Data classification: Feature processing

Source: Internet
Author: User
feature processing

Question 1: How to handle continuous and discrete features when they are present.
The question was asked in Quora: What is good ways to deal with problems where do you have both discrete and continous features? The main idea is to discrete special Cited, such as an example of an answer:

x = Price (continuous type feature)  type category (discrete feature)  y = number of products sold  
[35.99 Red]  
[42.95 Green]  
[10.50 Red]  
[74.99 Blue]

Since the category of the above product has 3 possible values, so we can use 3 virtual variables to replace the category of the characteristics of the class, this feature is processed in the same way as natural language processing one-hot, so we can process the above characteristics of each sample can be represented by a 4-dimensional vector:

[35.99 1 0 0]  
[42.95 0 1 0]  
[10.50 1 0 0]   
[74.99 0 0 1]

Features after preprocessing, you can use these features to do regression AH and other machine learning tasks, if using linear regression, we need to learn 5 weights (each feature corresponds to a weight, paranoia can also be regarded as a weight, (w1x1+w2x2+w3x3+w4x4+w0) (w1x1+ W2X2+W3X3+W4X4+W0). In addition, we need to have a mean normalization of the characteristics of each column, i.e. (xcoli−μ)/σ (xcoli−μ)/σ. In fact, for the sample categories, we can only use two dimensions of the representation can also be feasible, that is, the following way to express:

[35.99 0 0]  
[42.95 0 1]  
[10.50 0 0]   
[74.99 1 0]  

In general, the feature contains both continuous and discrete features, almost all of the discrete features are handled in this way, but there is a big problem, that is, when the discrete features may be more value, it will result in this way after processing the characteristics of the dimension is very high ( The One-hot representation method has such a feature), the vector is very sparse, in the storage and operation of the time, you can use some support sparse representation of the Matrix library for processing (such as armadillo have sparse matrix representation).

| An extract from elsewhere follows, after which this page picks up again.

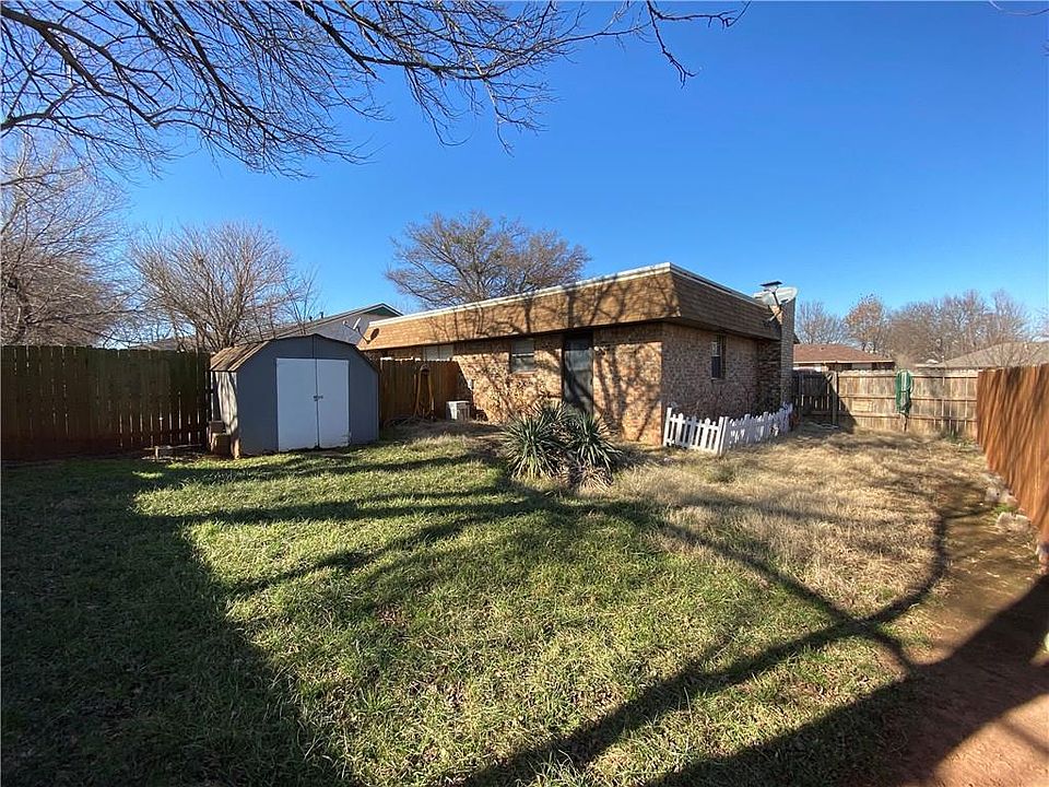 PRICE REDUCTION This comfortable 2 bedroom 1 bath unit half duplex is located in a quiet neighborhood and close to various local amenities! Quick and easy access to I-35 and I-240. Living room has 1 fireplace, and opens into the dining area. Recently updated and fresh paint! Both bedrooms have large walk in closets Fenced yard with storage building for yard equipment!

Some of the different regression models are compared:
1.7 Types of Regression techniques you should know
2. Types of regressions. Which one to use?
3. Regression Analysis using Python
4. Scikit Learn Logistic regression


From:http://yongyuan.name/blog/feature-engineering-note.html

Contact Us

The content source of this page is from Internet, which doesn't represent Alibaba Cloud's opinion; products and services mentioned on that page don't have any relationship with Alibaba Cloud. If the content of the page makes you feel confusing, please write us an email, we will handle the problem within 5 days after receiving your email.

If you find any instances of plagiarism from the community, please send an email to: info-contact@alibabacloud.com and provide relevant evidence. A staff member will contact you within 5 working days.

A Free Trial That Lets You Build Big!

Start building with 50+ products and up to 12 months usage for Elastic Compute Service

  • Sales Support

    1 on 1 presale consultation

  • After-Sales Support

    24/7 Technical Support 6 Free Tickets per Quarter Faster Response

  • Alibaba Cloud offers highly flexible support services tailored to meet your exact needs.